■ Directions for this task ■
From the first entry to the last, copy everything exactly except the pictures.

....

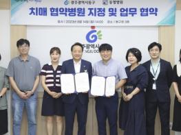 광주 동구는 최근 치매 조기 검진 체계 구축을 위해 관내 소재 ‘동명병원’을 치매 협약 병원으로 지정했다고 밝혔다. 이번 협약식은 임택 구청장, 정찬영 동명병원 대표원장 등이 참석한 가운데 치매 발견
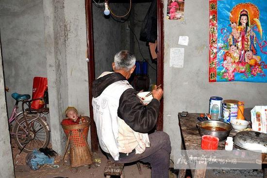 几分钟后,趁女儿还未清醒,胡志飞抱着女儿,很快将一碗稀饭吃下。随后,他叫醒女儿,开始给女儿喂食。此时已过下午两点半,而据胡志飞所说,女儿是上午9点过他回家时吃的早饭。女儿的午饭也是稀饭,只是稀饭中多了几片肥肉。在近一个小时的喂饭中,女儿半躺在他怀中,他边对女儿说“多吃点”,边将稀饭和肥肉塞进女儿口中。而他的女儿仅长了一颗牙齿,一位在场的村民因为担心小女孩被噎着,不时提醒他应将肉剁碎。胡志飞应承着村民的提醒,还说:“她饿了的时候,都是一口就吞下去了。”这让村民很无奈:“你看嘛,他根本带不来娃娃。”
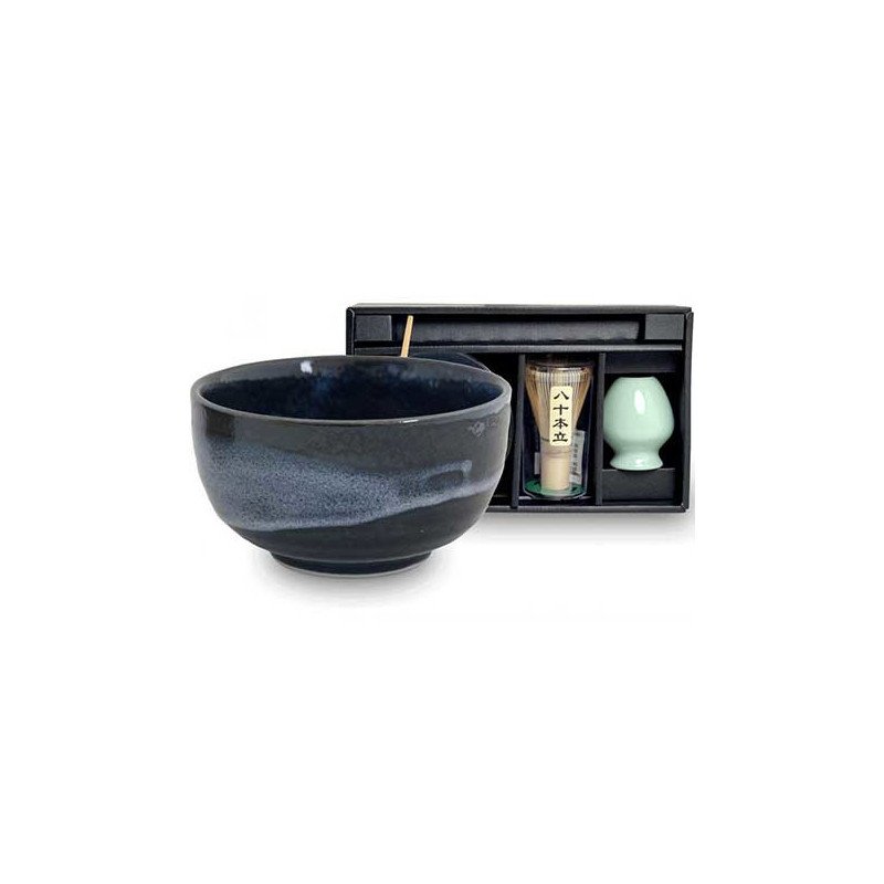 Set para matcha "Aurora" con cuenco de cerámica japonesa de 0,5 l., en caja de regalo.
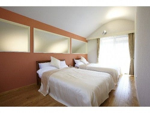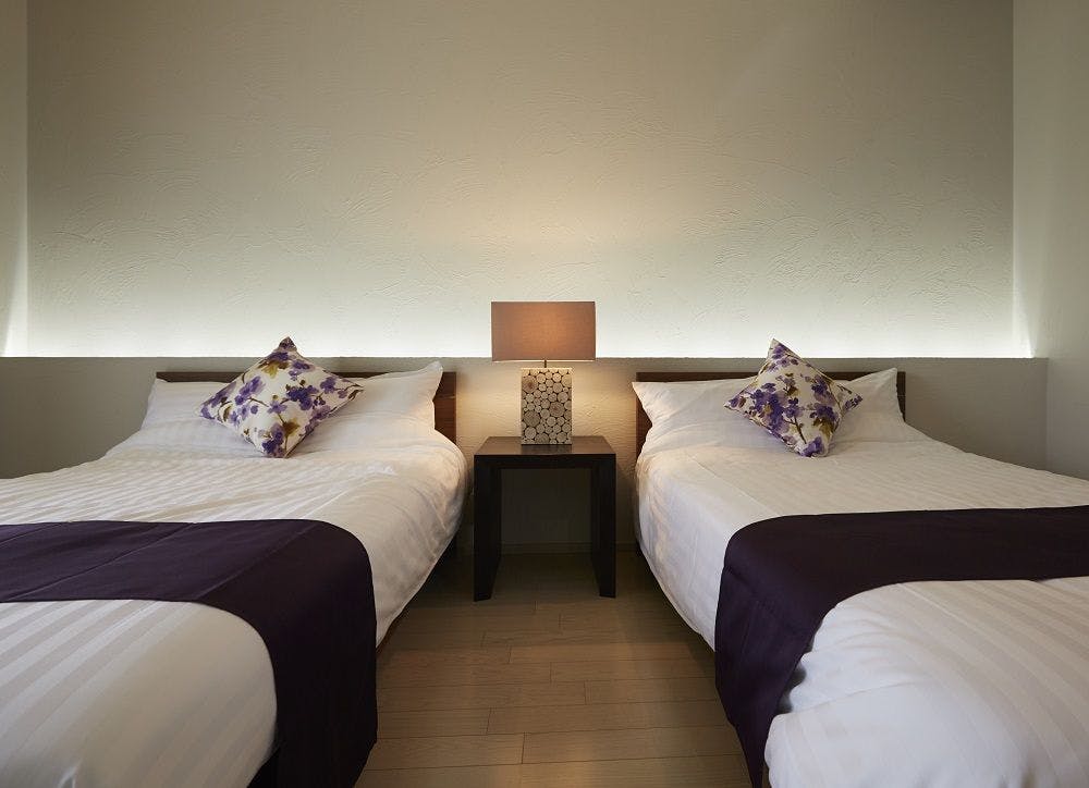 室内に和室スペースを兼ね備えた、和洋室タイプのお部屋です。柔らかな光と畳の香りがお客様のくつろぎの時間を優しく包み込みます。またベッドはセミダブルベッドを二台配置しています。
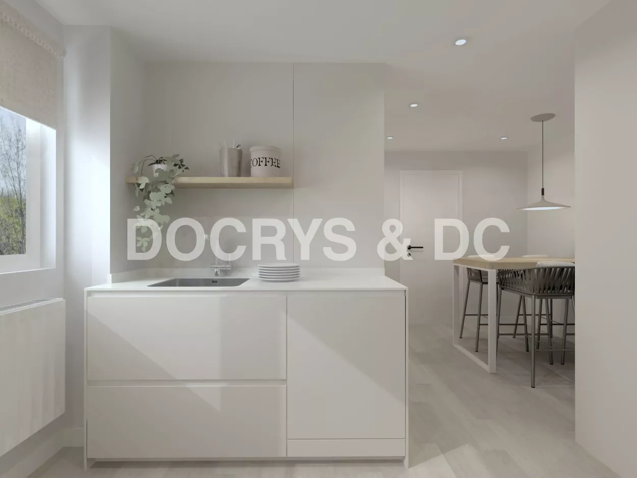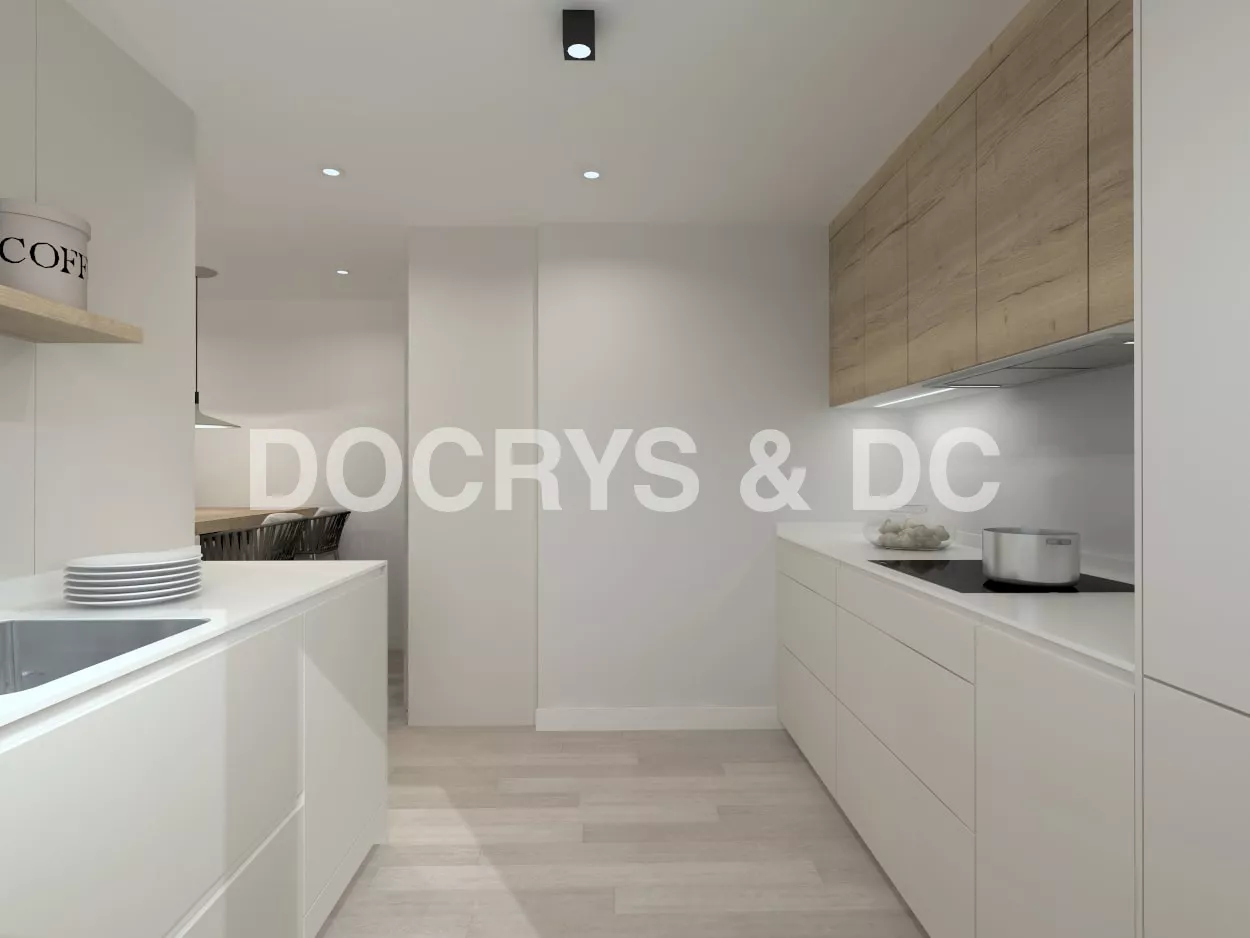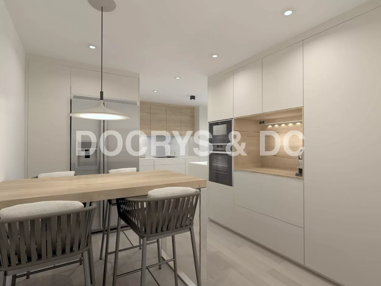 Por otro lado, otro frente compuesto por un desayunador, columnas y muebles bajos, ampliando así la capacidad de almacenaje.

....

■ Result for this exercise ■
 광주 동구는 최근 치매 조기 검진 체계 구축을 위해 관내 소재 ‘동명병원’을 치매 협약 병원으로 지정했다고 밝혔다. 이번 협약식은 임택 구청장, 정찬영 동명병원 대표원장 등이 참석한 가운데 치매 발견
 几分钟后,趁女儿还未清醒,胡志飞抱着女儿,很快将一碗稀饭吃下。随后,他叫醒女儿,开始给女儿喂食。此时已过下午两点半,而据胡志飞所说,女儿是上午9点过他回家时吃的早饭。女儿的午饭也是稀饭,只是稀饭中多了几片肥肉。在近一个小时的喂饭中,女儿半躺在他怀中,他边对女儿说“多吃点”,边将稀饭和肥肉塞进女儿口中。而他的女儿仅长了一颗牙齿,一位在场的村民因为担心小女孩被噎着,不时提醒他应将肉剁碎。胡志飞应承着村民的提醒,还说:“她饿了的时候,都是一口就吞下去了。”这让村民很无奈:“你看嘛,他根本带不来娃娃。”
 Set para matcha "Aurora" con cuenco de cerámica japonesa de 0,5 l., en caja de regalo.
 室内に和室スペースを兼ね備えた、和洋室タイプのお部屋です。柔らかな光と畳の香りがお客様のくつろぎの時間を優しく包み込みます。またベッドはセミダブルベッドを二台配置しています。
 Por otro lado, otro frente compuesto por un desayunador, columnas y muebles bajos, ampliando así la capacidad de almacenaje.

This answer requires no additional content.